Qwen2.5-7B-Instruct, single seed 42, 4 conditions (C1 base-first / C2 EM-first / C2′ EM-first/base-source / C3 benign-Tulu-first). Marker = `[ZLT]`, coupling LoRA r=32, 20 epochs, marker-only loss. Eval: 11 personas × 20 questions × 10 completions = 2,200 per condition; bystander pool = 7 truly-unseen personas × 200 = 1,400 per arm. `max_tokens=2048`. Bootstrap-cluster on (persona, question), 10k resamples; p-values inline. Plus a multi-layer persona-cosine probe, persona-following Claude judge with calibration, pre-coupling FP baseline on all 3 bases.

### Headline numbers (`eval_results/issue-262/run_result.json`)

| Condition | Source (librarian) | Assistant | Negs (ds + fr) | **Bystander pool (n=1,400)** | Mean tokens (across 11 personas) | Persona-following judge yes-rate |
|---|---|---|---|---|---|---|
| C1 base-first | 82.5% | 2.5% | 64.5% / 10.0% | **27.4%** (383/1,400) | ~259 | ~16% across 7 bystanders |
| C2 EM-first | 69.0% | 64.5% | 58.5% / 61.0% | **57.6%** (806/1,400) | ~28 | ~0% all 11 |
| C2′ EM-first / base-source | 4.0% | 4.5% | 5.0% / 5.0% | **3.4%** (47/1,400) | ~55 | ~0% all 11 |
| C3 benign-first | 99.5% | 83.0% | 96.0% / 91.5% | **95.9%** (1,343/1,400) | ~1,214 | ~0% all

epm:analysis2026-05-07T03:05:14.000Z· system

## Analyzer output (round 1) — clean-result drafted **Clean-result issue:** #308 — *Bystander …

<!-- epm:analysis v1 -->
## Analyzer output (round 1) — clean-result drafted

**Clean-result issue:** #308 — *Bystander marker leakage after EM-first librarian coupling is dominated by coupling-text-distribution effects, not EM-specific persona-space flattening (LOW confidence)* — labeled `clean-results:draft`.

**Hero figure:** ![hero](https://raw.githubusercontent.com/superkaiba/explore-persona-space/90b6cfb0124555566380dc26b5e08a45125a08ae/figures/issue-262/hero_persona_flatten_262.png)

**Recap.** H1 nominally passes (C2 EM-first 57.6% vs C1 base-first 27.4%, Δ+30.2pp, p<0.001, n=1,400 per arm), but H2 dramatically sign-flips (benign Tulu C3 leaks 95.9%, far MORE than EM C2) and H3's confound test (C2 − C2′ = +54.2pp) classifies the result as `coupling_text_distribution` rather than non-text-distribution flattening — so the substantive "EM flattens persona space" claim cannot be made from this experiment as designed.

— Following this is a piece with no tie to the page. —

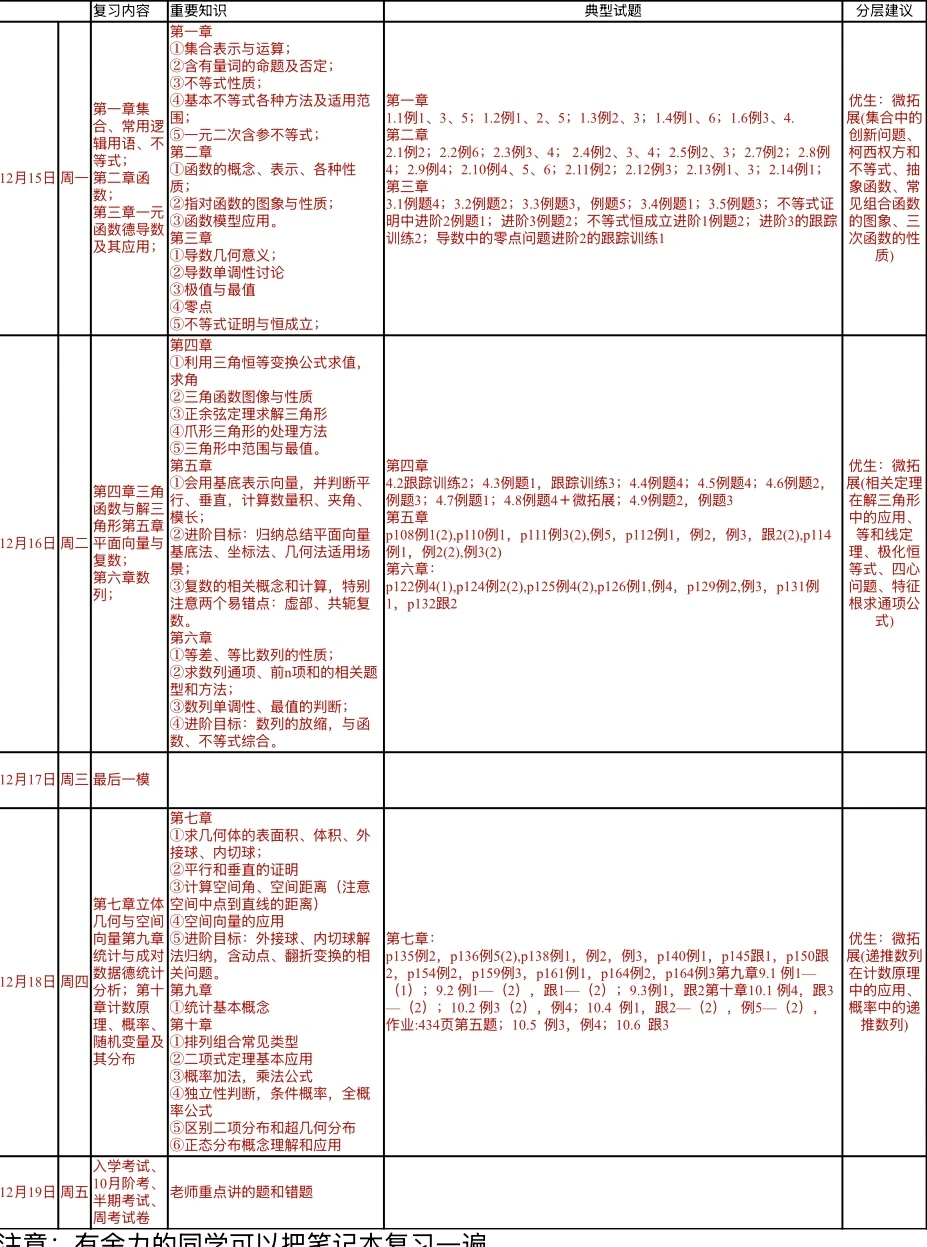 针对薄弱板块做专项练习,都是按章节整理的。时间比较紧张,能扎实攻克一个板块就多巩固一个,目前重点练了函数导数、三角函数、立体几何这几个板块。听说解析几何和概率考得比较基础,就先赌一把,把精力集中在核心薄弱点上。
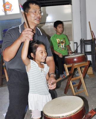 「咚-咚-鼕-鼕-,咚咚鼕鼕打打打-!咚-咚-鼕-鼕-打打打打-咚鼕-!」漸強、漸弱、時大、時小、時沈、時猛的鼓聲,在開瑄國小校園中「撲冬冬」、「普鼕鼕」地擊、叩、搥、擂,小朋友們正在學習新的鼓曲-「雷霆萬鈞」! 開瑄國小的大鼓隊是從「二十四節令鼓」發萌,他們的鼓聲已經響遍金門。約每半年一次,教練林玉龍就會到開瑄國小指導鼓隊;昨天和前天,他教給小朋友們的鼓曲是「雷霆萬鈞」。 林玉龍把「雷霆萬鈞」分為四十二段,每一段約為「四四拍子」的四到八小節;他用簡單的符號讓小朋友們可以容易上手,例如以空心三角表示打邊,以實心三角表示兩手打邊,以空心圓圈表示打鼓,以實心圓圈表示兩手打鼓;以阿拉伯數字的一、三、五、七表示右手,以阿拉伯數字的二、四、六、八表示左手。林玉龍表示,小朋友的記憶力像海綿一樣,不用一天半就可以學起來。 今年從台北縣八里國小輔導主任退休的林玉龍是台北縣教師鼓樂團等鼓團的總教練,曾多次率團在海內外演出;台澎金馬,到處都有他教鼓的身影。開瑄國小的鼓隊成立於民國九十三年,林玉龍到開瑄指導鼓藝,已有七、八年的時間,不斷為開瑄鼓隊充電。 林玉龍表示,打鼓是一種生活教育,小朋友可以從習鼓中學到禮節和紀律。鼓打得好不好還在其次,最重要的要讓小朋友學習專注,學習冷靜,學習合作! 他表示,學鼓,有人學得快,有人學得慢;但是能學得快的卻不見得學好,倒是能學得久的就一定能學好。他覺得對弱勢或餒怯的學生而言,藉由學鼓可以增加自信。 在教鼓之前,林玉龍會領著小朋友熱身,包括活動肩關節、高舉手加墊腳尖、拉指、拍手、扭腰、按摩丹田、拍打腿部……;此外,他還指導小朋友練呼吸,由丹田發聲,與頂門共鳴,口中喊出「ㄏㄧˋ」、「ㄏㄨˋ」、「ㄏㄚˋ」、「ㄏㄛˋ」。 在「雷霆萬鈞」中出現的動作有「摘星」、「黃飛鴻」式的平舉等等;林玉龍表示,「雷霆萬鈞」要能打出氣勢和士氣;鼓法不算很難,但隊形變化較多。 昨天早上九點,在開瑄國小的禮堂中,小朋友們還沒有上課,就已經蒸出一臉的汗水;不過,在林玉龍的調教下,小朋友們興趣盎然。他會誇大一些錯誤動作做為對比,也會應小朋友的要求,編一些「火豬陣」(火牛陣改編)、「一串香腸射十二鵰」(一箭雙鵰改編版)的笑話。不過,笑話常常要下回分解,要小朋友學好一段之後,才會編出下文。 綜合鼓隊中蔡卓頻、陳瑋姈、蔡語儂、蔡孟臻、蔡士雍等學生的描述,他們覺得學鼓很好玩,教練很有趣;不過,有時候還是會有人因為沒有練好,掉下了眼淚,讓「穀雨」(二十四節氣之一)變成了「鼓雨」。有人說自己打鼓的動作被同學形容成「童乩」,自己也覺得好笑。有人說自己總是不小心多了一搥,「多此一舉」的結果就成了「害群之馬」,反過來,則是讓大家「重振旗鼓」,多一次練習的機會。 開瑄大鼓的指導老師洪慧真表示,開瑄鼓隊已學過「二十四節令鼓」的表演版和可愛版、「驚蟄」、「寒露」;每次林玉龍來教鼓,他們會在小朋友學會全套後,全程錄影,記下細節,以供反覆練習;否則,小朋友學得快也忘得快。 洪慧真是開瑄鼓隊幕後的靈魂人物之一;她為了重新整理人生,已離校進修中;鼓隊的團務,不久將移交出去;她認為鼓隊如果要成為開瑄的特色,學校的每一份子都應該是參與者。 開瑄國小校長李錫南表示,藉由「雷霆萬鈞」的教習,希望訓練骨幹;接下來,配合學校雙語教學的實施,希望把鼓隊等課後藝文活動,移到週六,把課後校園推展成廈門「少年宮」模式的技藝研習場所。

The honest reading is that **any sufficient SFT distortion homogenizes on-policy coupling text enough that the marker binds to completion *style* rather than to the persona system prompt**; benign Tulu does this even more aggressively than EM in this setup, the persona-following judge yes-rate collapses to ~0% across every condition except C1, and the length covariate (C2 mean 28 tokens vs C3 mean 1,214 tokens, ~50× spread) is the dominant uncontrolled factor. Confidence: LOW.

Verifier output on the clean-result body: PASS (only `Numbers match JSON` WARN — derived numbers like CI bounds and source-normalized ratios are computed from but not literal in `run_result.json`).
<!-- /epm:analysis -->

epm:interp-critique2026-05-07T03:12:32.000Z· system

## Interpretation Critique — Round 1 **Verdict: REVISE** The interpretation is broadly…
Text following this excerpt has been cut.